Experimental: Surface of indium-tin (ITO) electrode was methacrylated by 3-methacryloxypropyltrimethoxysilane. The methacrylated ITO was soaked in the toluene solution of D- or L-phenylalanine anilide (PAA; template), ethylene glycol dimethacrylate, methacrylic acid, and a polymerization initiator. The solution was polymerized by heating to 60 °C for 12 h to graft the D- or L-PAA imprinted polymer onto the surface of the ITO. The ITO was ultrasonicated in distilled water to remove the weakly-adsorbed copolymer, and that was submerged in a methanolic solution of acetic acid followed by methanol to remove the template. The electrode imprinted with D- and L- PAA is referred to as DIP and LIP-ITO, respectively. Conventional cyclic voltammetry of ferrocene in organic solvent [chloroform, dichloromethane (DCM), pyridine, N,N-dimethylformamide (DMF), or acetonitrile (AN)] was conducted using DIP-ITO or LIP-ITO as a working electrode. Effects of the guest (D- or L-PAA) on the anodic current of ferrocene were estimated.

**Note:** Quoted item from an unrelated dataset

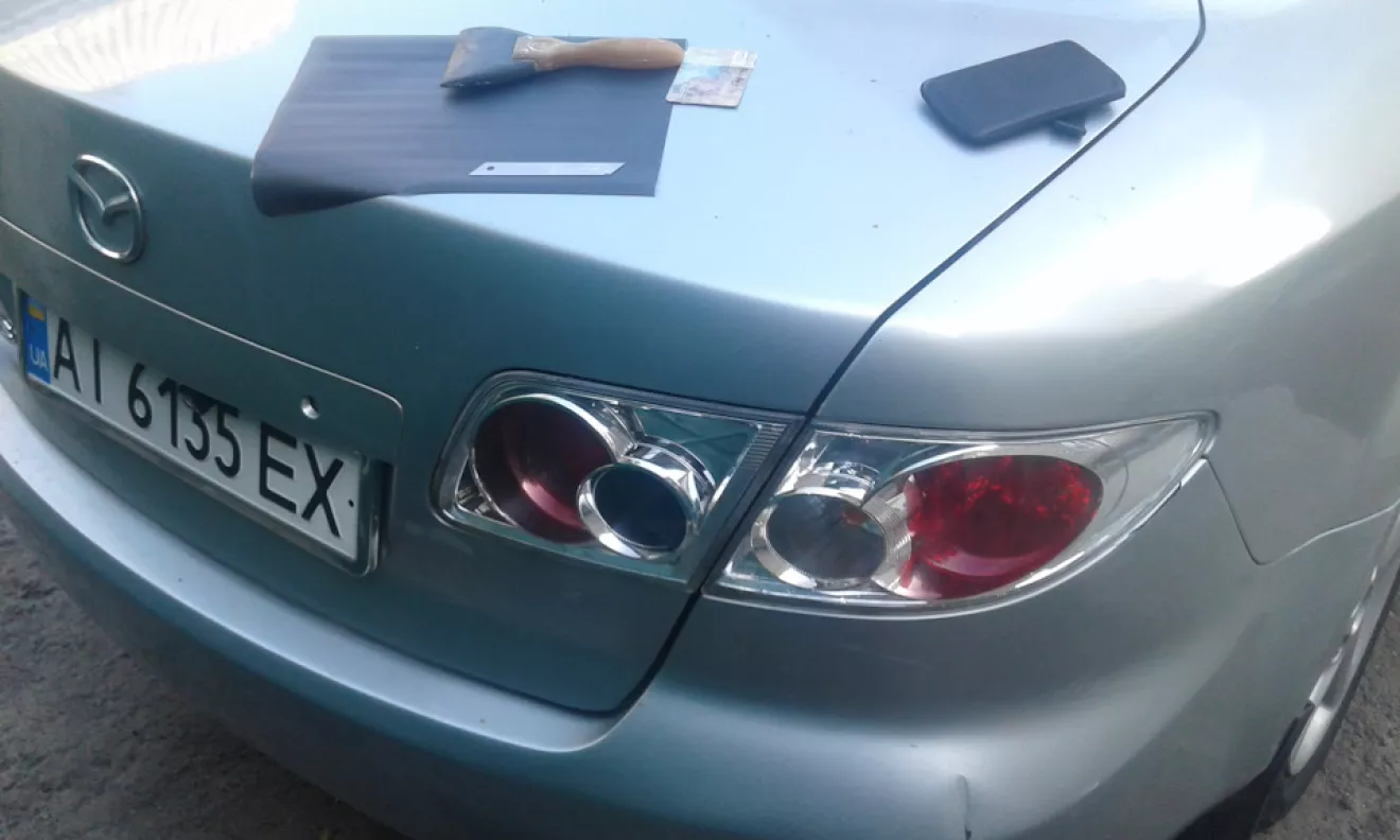 Передние маски задул матовой краской с баллончика. На задние поклеил матовой пленкой.
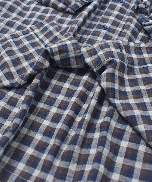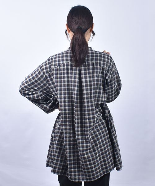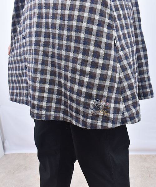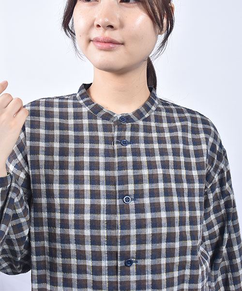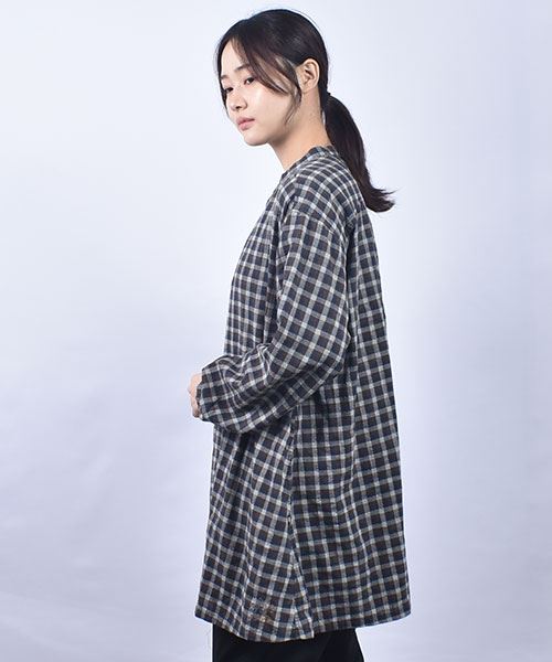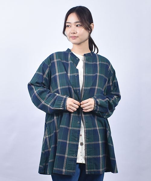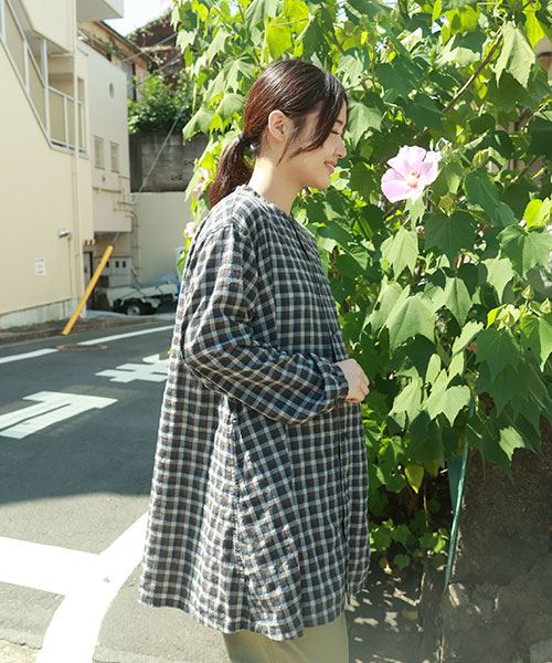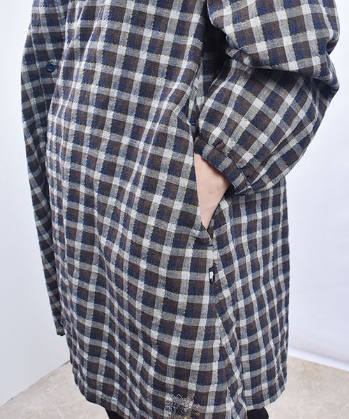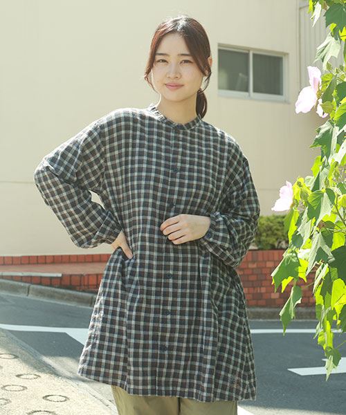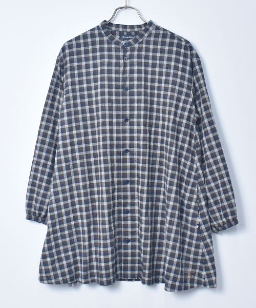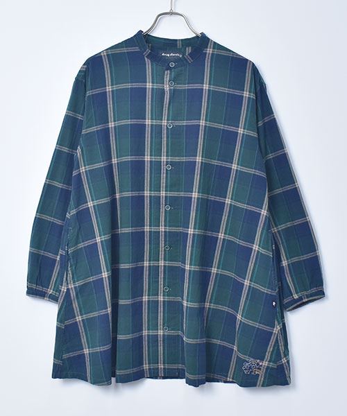 drug store's チェック スタンドカラー ヨコピンタック入り 刺繍 チュニック

Results: Relative changes in maximum anodic current by 5 mM guest and chiral selectivity defined by (1) were shown in Table 1 for the each solvent of the test solution. The anodic currents in nonpolar solvent (chloroform or DCM) changed significantly in the presence of the template, but were insensitive to the enantiomer of the template. However, anodic currents in polar solvent (pyridine, DMF, or AN) were minimally sensitive to the template and enantiomer. Results indicate that the MIP on ITO expressed the gate effect with chiral recognition in nonpolar solvents. The template interact with the carboxyl group of the binding site in MIP mainly through the hydrogen bonding [6]. However, the interactions are weakened in polar solvents, which interact strongly with the polar groups of the template and MIP. Consequently, the gate effect with chiral recognition only occurs with nonpolar solvents. This gate effect could be applied to simple amperometric sensors to provide chiral selectivity in nonpolar solvent where biosensors usually do not function.